Paul explained to the believers at Ephesus that the primary role of the father in the family is to train their children in the ways of the Lord. He wrote, “Bring them up in the training and instruction of the Lord” (Ephesians 6:4b, NIV). It is the responsibility of every father to use his authority and influence as a father to saturate the lives of his children with “the training and instruction of the Lord.” You may feel inadequate and ill-equipped for this monumental task, but it remains, none-the-less, your responsibility.
A few techniques you can use are—model simple Biblical principles for your children; make regular attendance at a local church that has a strong teaching ministry a priority (don’t allow non-kingdom activities to interfere with Sunday worship at your local church); lead a family devotion every day; and take advantage of those teachable moments that occur daily in the lives of your children by talking about what Jesus would do in a given situation. You don’t have to be a seminary graduate to do these things—but you do have to be a committed father. Being a godly father is hard work!
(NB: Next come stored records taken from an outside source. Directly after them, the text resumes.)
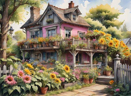 Ayçiçekli Pembe Ahşap Ev 1000 Parça Puzzle;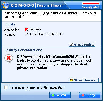 Comodo Personal Firewall 用KAV6和CPF2揭密pcAudit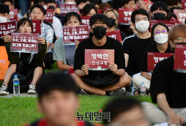 [포토] 캠퍼스에 모인 고려대 학생들 "명백한 진상규명"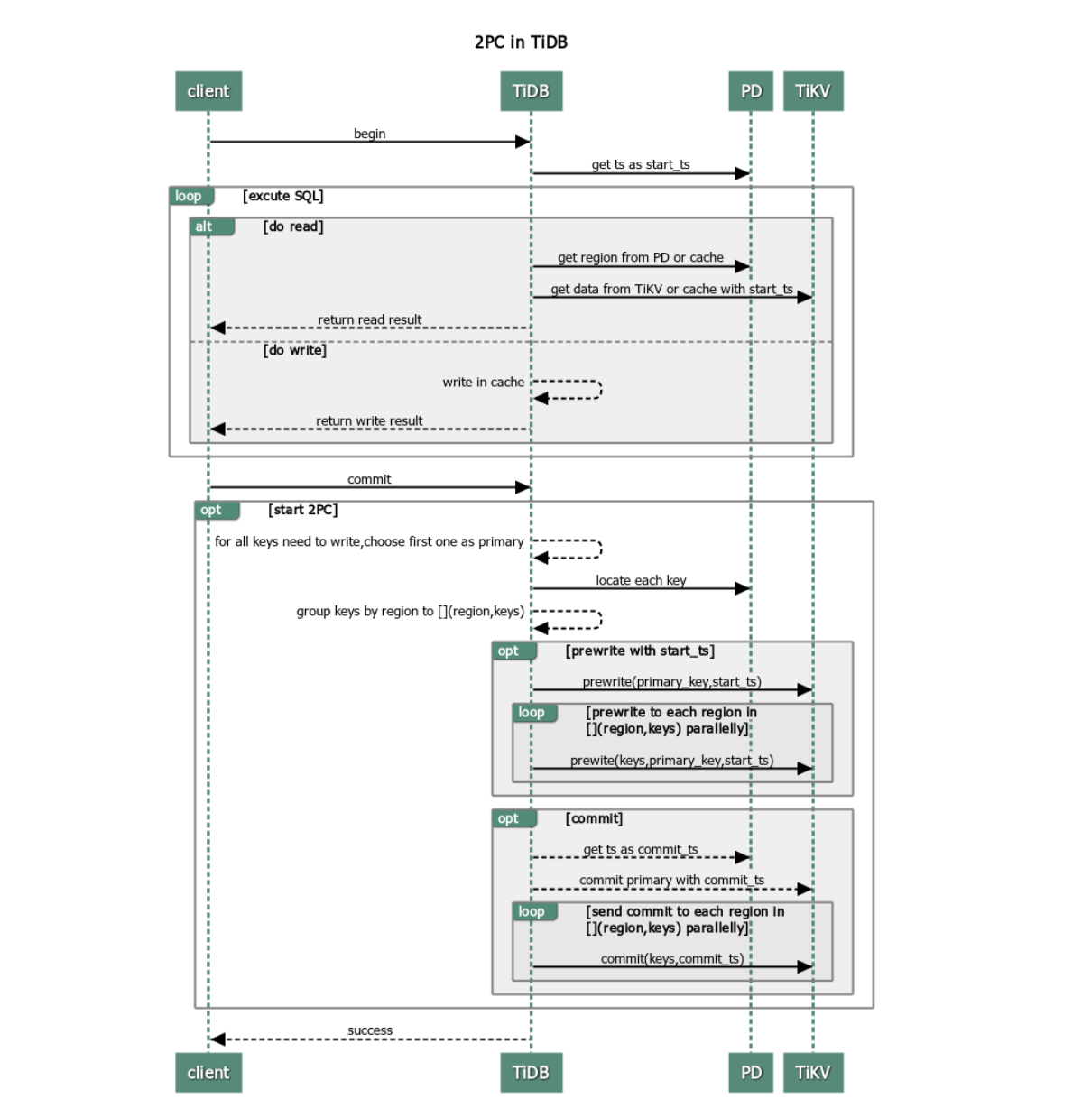 - TiDB 开始两阶段提交将事务原子地提交,数据真正落盘。 a. TiDB 从当前要写入的数据中选择一个 Key 作为当前事务的 Primary Key。 b. TiDB 从 PD 获取所有数据的写入路由信息,并将所有的 Key 按照所有的路由进行分类。 c. TiDB 并发向所有涉及的 TiKV 发起 prewrite 请求,TiKV 收到 prewrite 数据后,检查数据版本信息是否存在冲突、过期,符合条件给数据加锁。 d. TiDB 收到所有的 prewrite 成功。 e. TiDB 向 PD 获取第二个全局唯一递增版本,作为本次事务的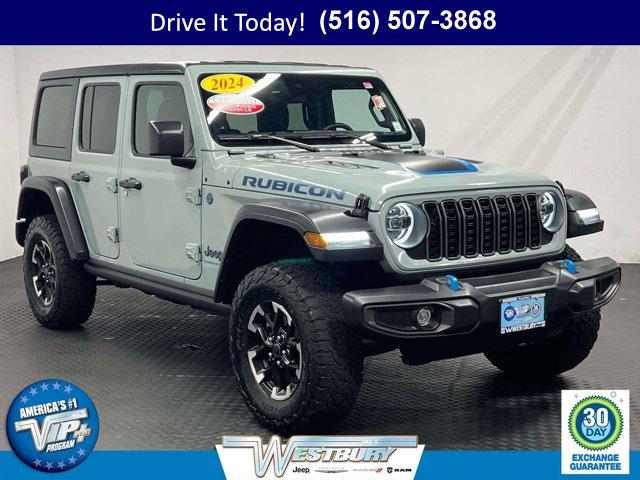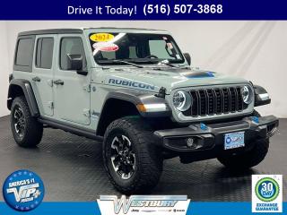 One owner. Earl Clearcoat exterior and Black interior, Rubicon trim. Onboard Communications System, iPod/MP3 Input, Satellite Radio, Back-Up Camera, 4x4, Tow Hitch, Alloy Wheels, BLACK 3-PIECE HARD TOP , ENGINE: 2.0L I4 DOHC DI TURBO PHEV, TRANSMISSION: 8-SPEED AUTO 8P75PH PHE. Turbo. Approx. Original Base Sticker Price: $61,400*.KEY FEATURES INCLUDE4x4, Back-Up Camera, Satellite Radio, iPod/MP3 Input, Onboard Communications System.OPTION PACKAGESBLACK 3-PIECE HARD TOP Freedom Panel Storage Bag, Rear Window Defroster, Rear Window Wiper/Washer, No Soft Top, ENGINE: 2.0L I4 DOHC DI TURBO PHEV (STD) Jeep Rubicon with Earl Clearcoat exterior and Black interior features a 4 Cylinder Engine with 375 HP at 5250 RPM*.MORE ABOUT USWe hand select the finest automobiles possible, recondition as required so you do not have to worry about anything shortly down the road. Our Certified vehicles for example all have more than 50% brake life, most have brand new brakes installed front and rear and it does not end there.WESTBURY VIPAmericas #1 VIP Plus Program includes Complimentary Loaner Cars, UnlimitedOil & Filter changes for 1 yr. & then included with every factorymaintenance, Courtesy Shuttle to work, home or any other location, ExpressLube 30 minutes or less w/ no appointment necessary, Complimentary NYSI, 24/7 Rescue & Towing.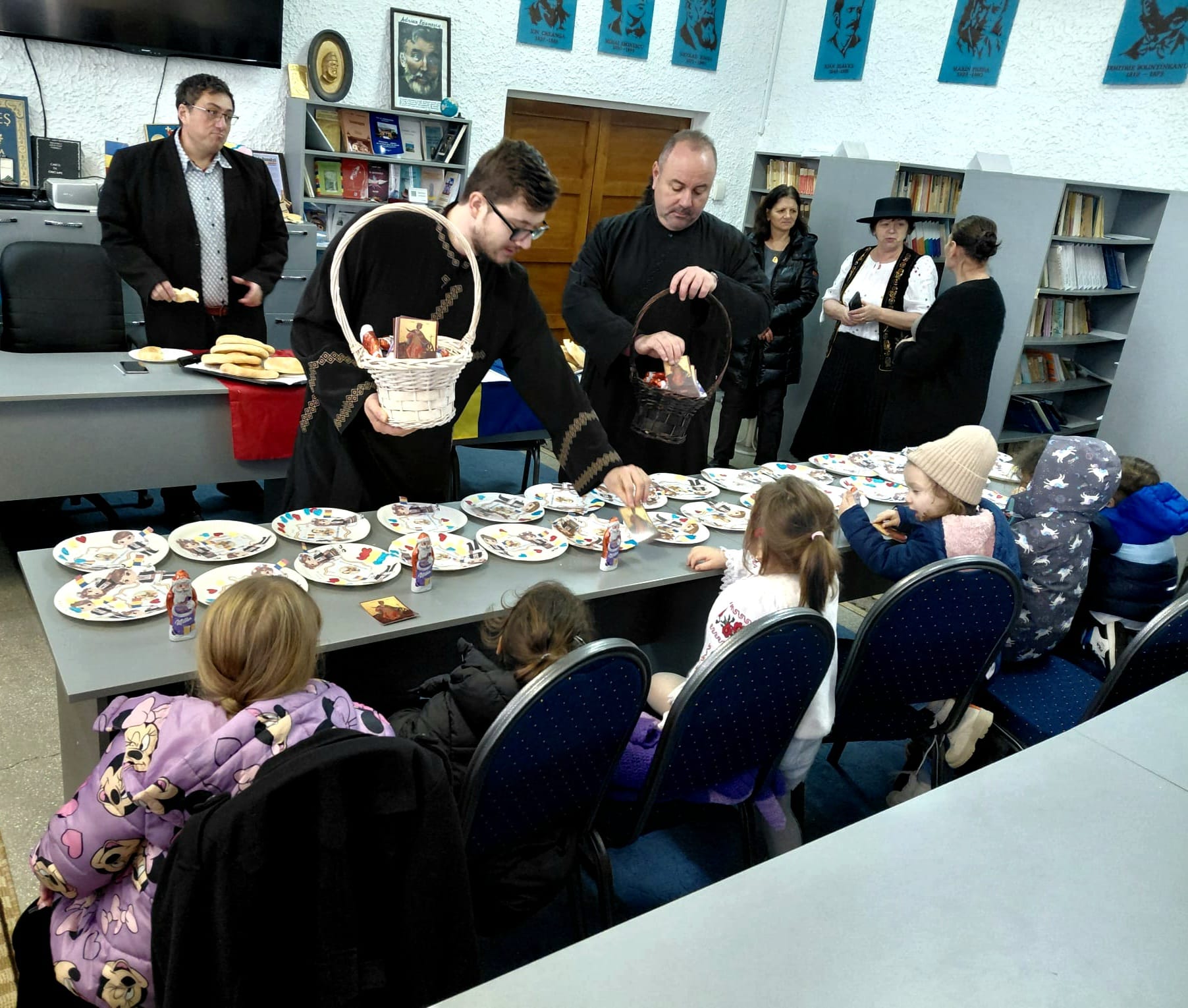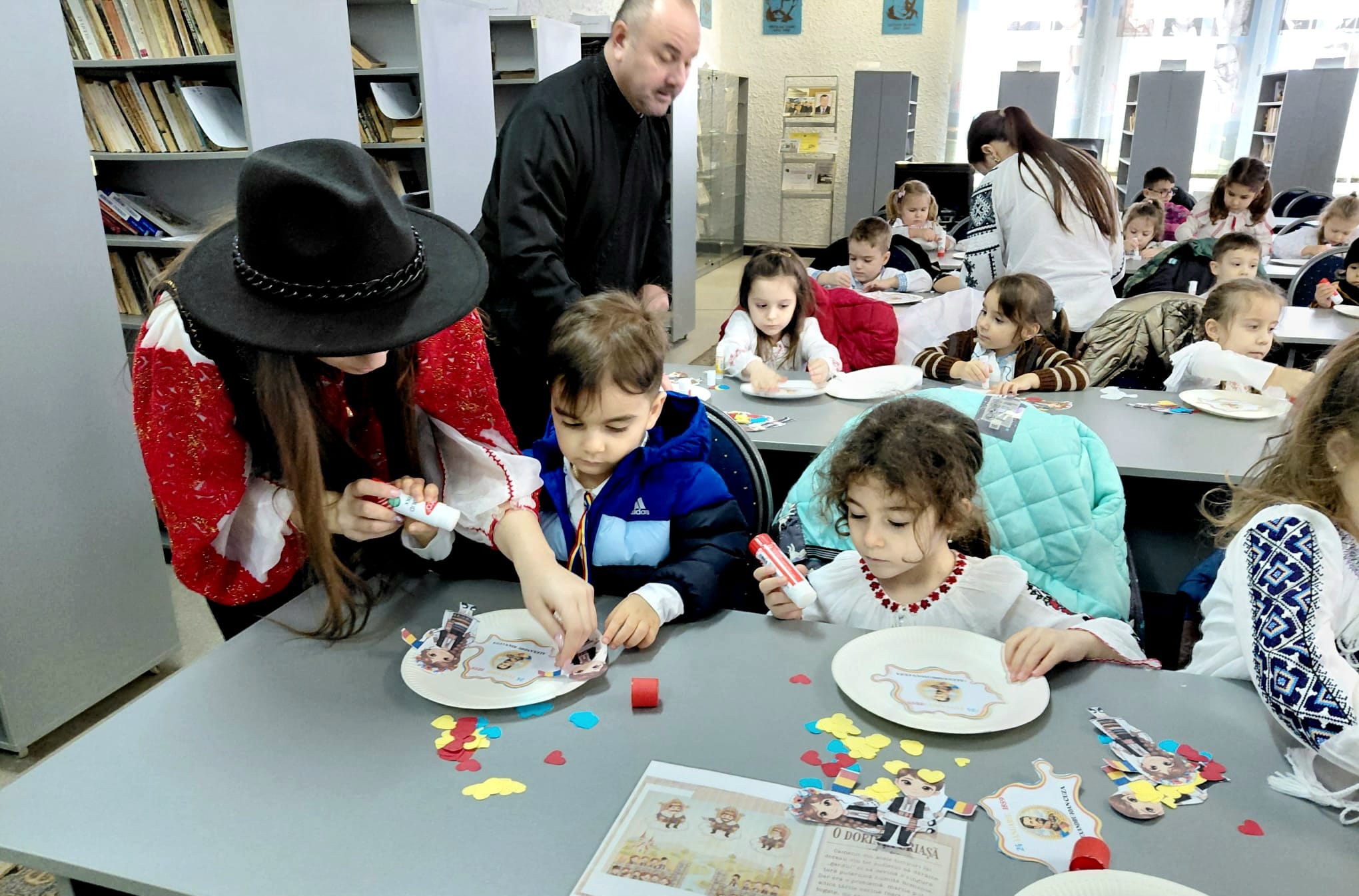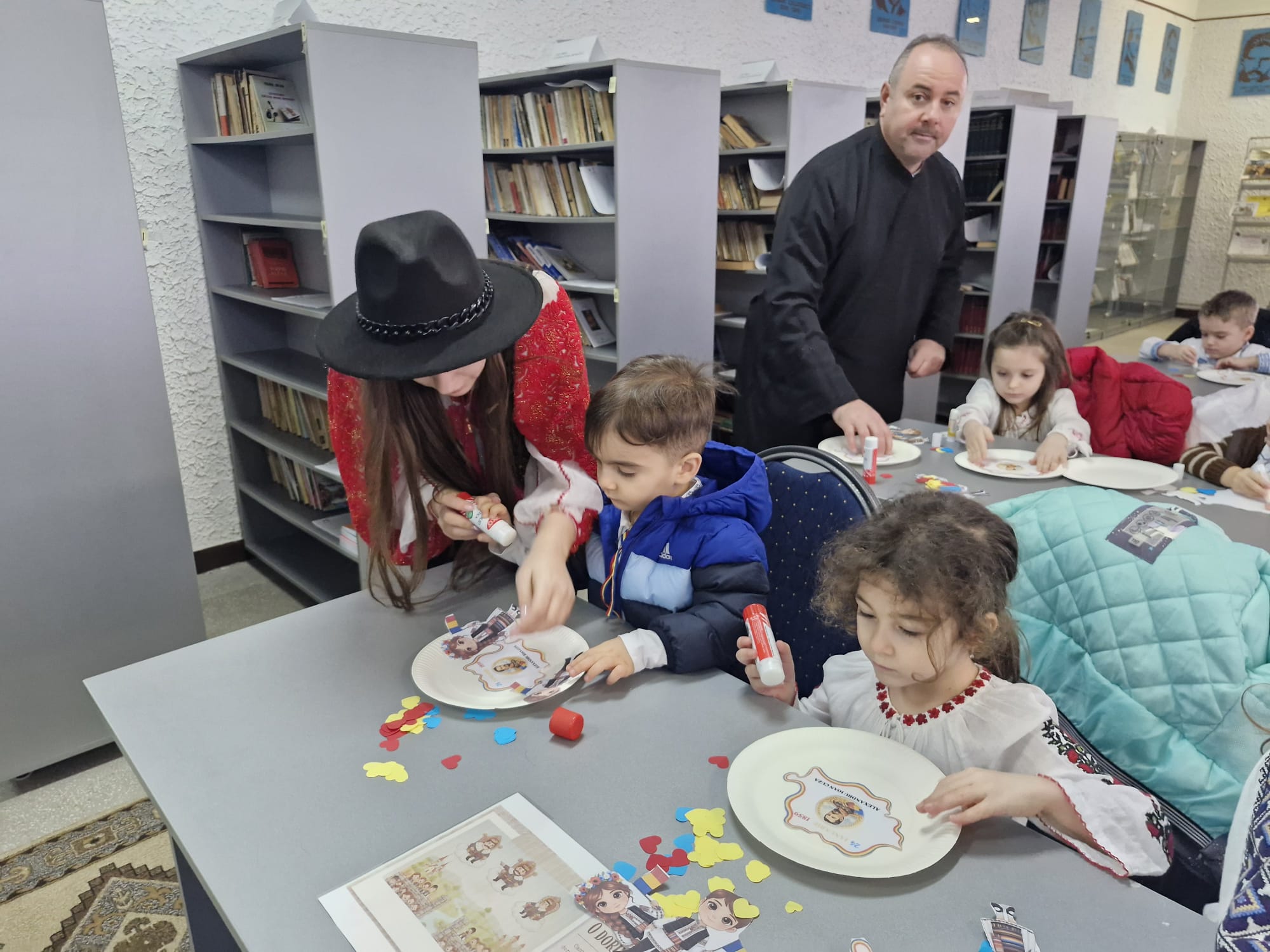 Preoții slujitori Moisescu Ionuț Daniel și Moraru Alexandru au vorbit copiilor coordonați de doamnele Trăistaru Maria, Talpazan Andreea, Bănică Nicoleta și Andrei Adelina, despre importanța Unirii Principatelor Române.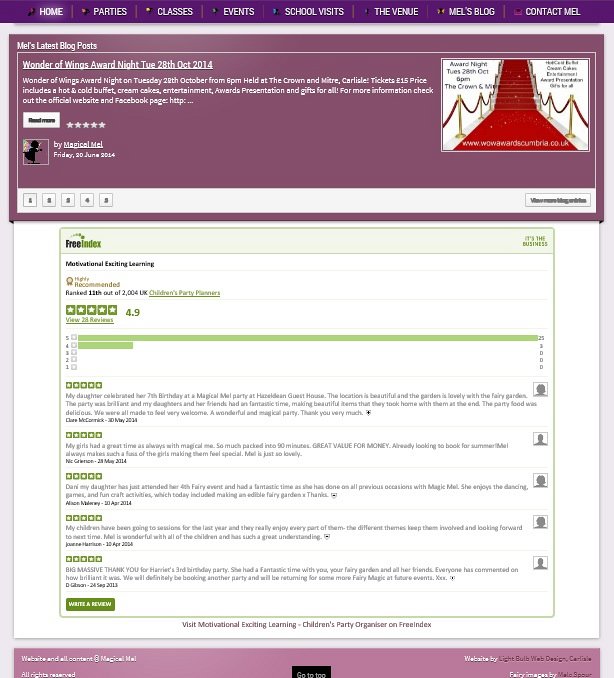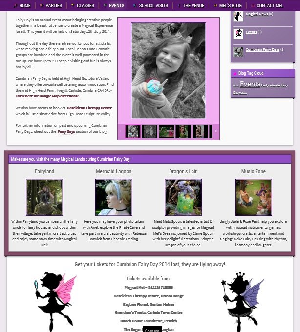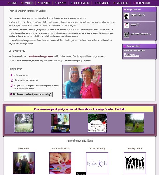 Mel was the winner of a free website voucher which we offered to May Fifteen in Carlisle for their Masquerade Ball in 2014. Mel already had 4 websites which she managed through a free website provider, however there was a lot of repeated content and none of them were responsive, using Flash for all pages leaving them poorly search engine optimised and not viewable on most mobiles and tablets.

The role of a father who truly wants to “bring them up in the training and instruction of the Lord” is extremely time-consuming. In fact, it must become a lifestyle. That’s how Moses described the father’s role to the ancient nation of Israel. He wrote, “These commandments that I give you today are to be upon your hearts. Impress them on your children. Talk about them when you sit at home [during your leisure time] and when you walk along the road, [when you are traveling] when you lie down [at bedtime] and when you get up [first thing in the morning] …Write them on the doorframes of your houses and on your gates” (Deuteronomy 6:6-7…9, NIV). Fatherhood is not simply something you do. It is a lifestyle you live!
I am amazed that before telling fathers to “bring them up in the training and instruction of the Lord,” Paul first warned, “Fathers, do not exasperate your children” (Ephesians 6:4a, NIV). The word “exasperate” is translated from a Greek word that means “to irritate, to cause intense anger, to cause resentment.” One of the most common mistakes I see fathers make in their parenting style is exasperating their children—especially their teens.
Sometimes teens are exasperated when fathers try to use a combination of humor and embarrassment to manipulate their behavior. At other times teens are exasperated when fathers give them stern, authoritative verbal discipline in public. Most often, the discipline of a teen should be a private matter between the teen and his father. In either case, when the teen is exasperated, resentment results, communication stops, the parent/child relationship is damaged, and the father’s ability to “bring them up in the training and instruction of the Lord” suffers.
II. Avoiding a Curse
In every generation it is critical that men understand that they are the key to avoiding a curse on their particular generation. God explained this face when He said through the prophet Malachi about the ministry of John the Baptist, “He will turn the hearts of the fathers to their children, and the hearts of the children to their fathers; or else I will come and strike the land with a curse” (Malachi 4:6, NIV). The hearts of fathers must be turned to their children in order to avoid a curse on our generation!
This generation is already experiencing the curse of materialism, the curse of abortion on demand, the curse of sexually transmitted diseases at epidemic levels, and the curse of same-sex marriage. And another curse is quickly coming—the curse of economic collapse! Most economists agree that America is in the verge of a major economic collapse that will be worse that the Great Depression of the late 1920s and early 1930s. It is indeed time to “turn the hearts of the fathers to their children, and the hearts of the children to their fathers.”
III. Five Biblical Convictions
During the balance of this sermon, I want to offer you five Biblical convictions that will effectively “turn the hearts of the fathers to their children.”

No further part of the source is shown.